- Founded: 1929; 97 years ago North Carolina State University
- Type: Honor
- Affiliation: Independent
- Status: Active
- Emphasis: Textiles
- Scope: Local
- Colors: Blue and White
- Chapters: 1
- Headquarters: Raleigh, North Carolina United States

= Sigma Tau Sigma =

American honor society for textiles

Sigma Tau Sigma (ΣΤΣ) is a local honorary fraternity for textiles. It was established in 1929 at North Carolina State University in Raleigh, North Carolina.

== History ==
Sigma Tau Sigma is a local honorary fraternity for textiles. It was established in 1929 at the College of Textiles of North Carolina State University in Raleigh, North Carolina. Its purpose is establish high academic standards for textile students and to develop connections between textile students and those in the profession.

The fraternity went coed in October 1940 with the initiation of the first female member, June Dickson. By 1959, it had initiated several hundred members.
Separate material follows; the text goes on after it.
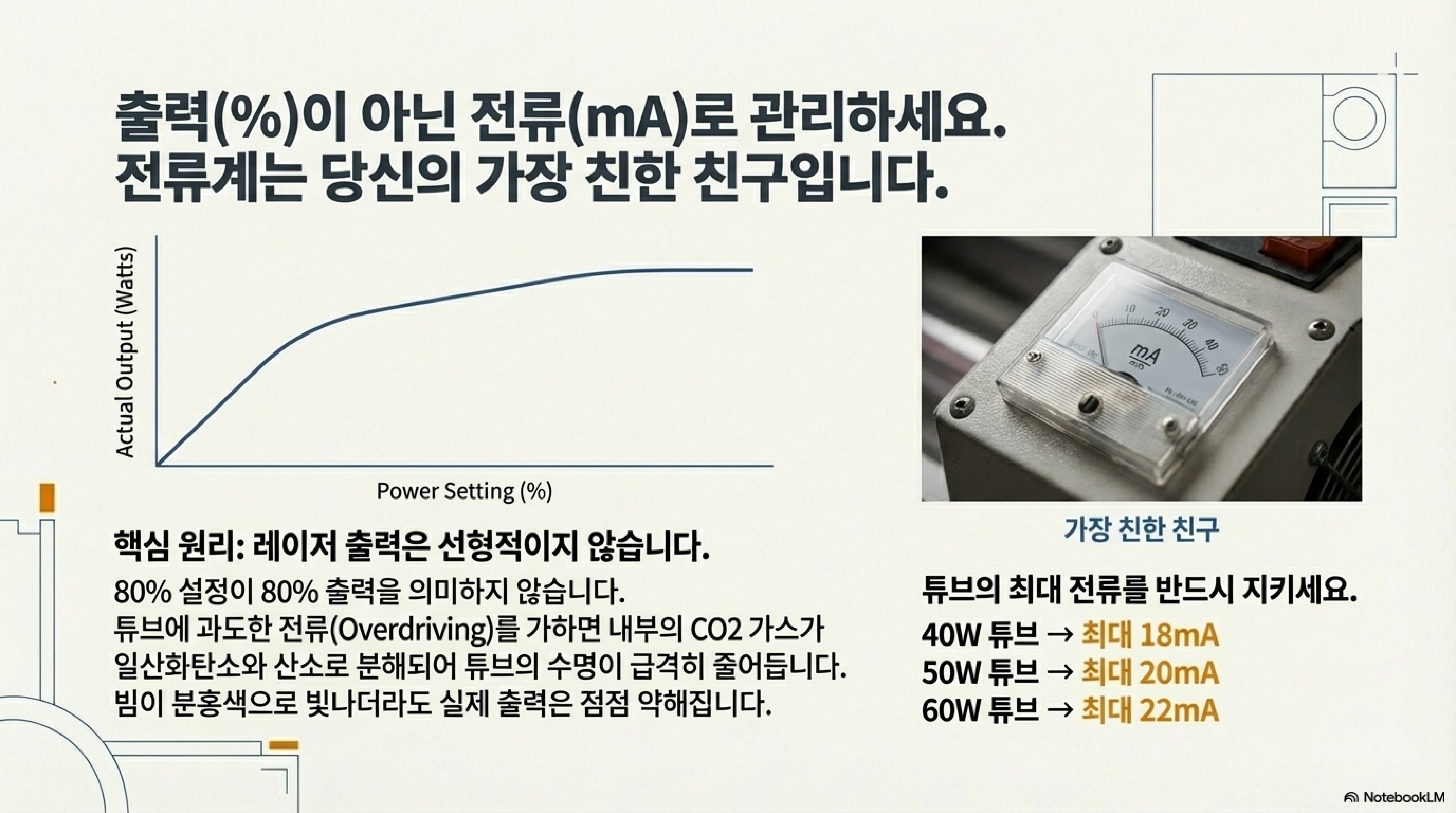 과학적으로, 과도한 전류는 튜브 내의 이산화탄소(CO2) 가스를 일산화탄소와 산소로 분해합니다. 이때 튜브는 질소 가스가 이온화되면서 여전히 분홍빛을 내지만, 정작 레이저를 생성하는 이산화탄소는 파괴되어 실제 레이저 출력은 점점 약해집니다. 분홍빛이 나온다고 해서 출력이 정상이라고 착각하기 쉬운, 매우 직관에 반하는 현상입니다.

Annually, the fraternity presents the Sigma Tau Sigma Award to the textile senior with the highest academic standing.

== Symbols ==
The Greek letters Sigma Tau Sigma were selected to stand for Society for Textile Scholarship. The fraternity's colors are blue and white.

== Membership ==
Sigma Tau Sigma has active (student), alumni, and honorary members. To be eligible for membership, textile students must have at least a 3.25 grade point average after a semester in the College of Textiles. Honorary members include faculty, distinguished alumni, and notable professional in textiles and related fields.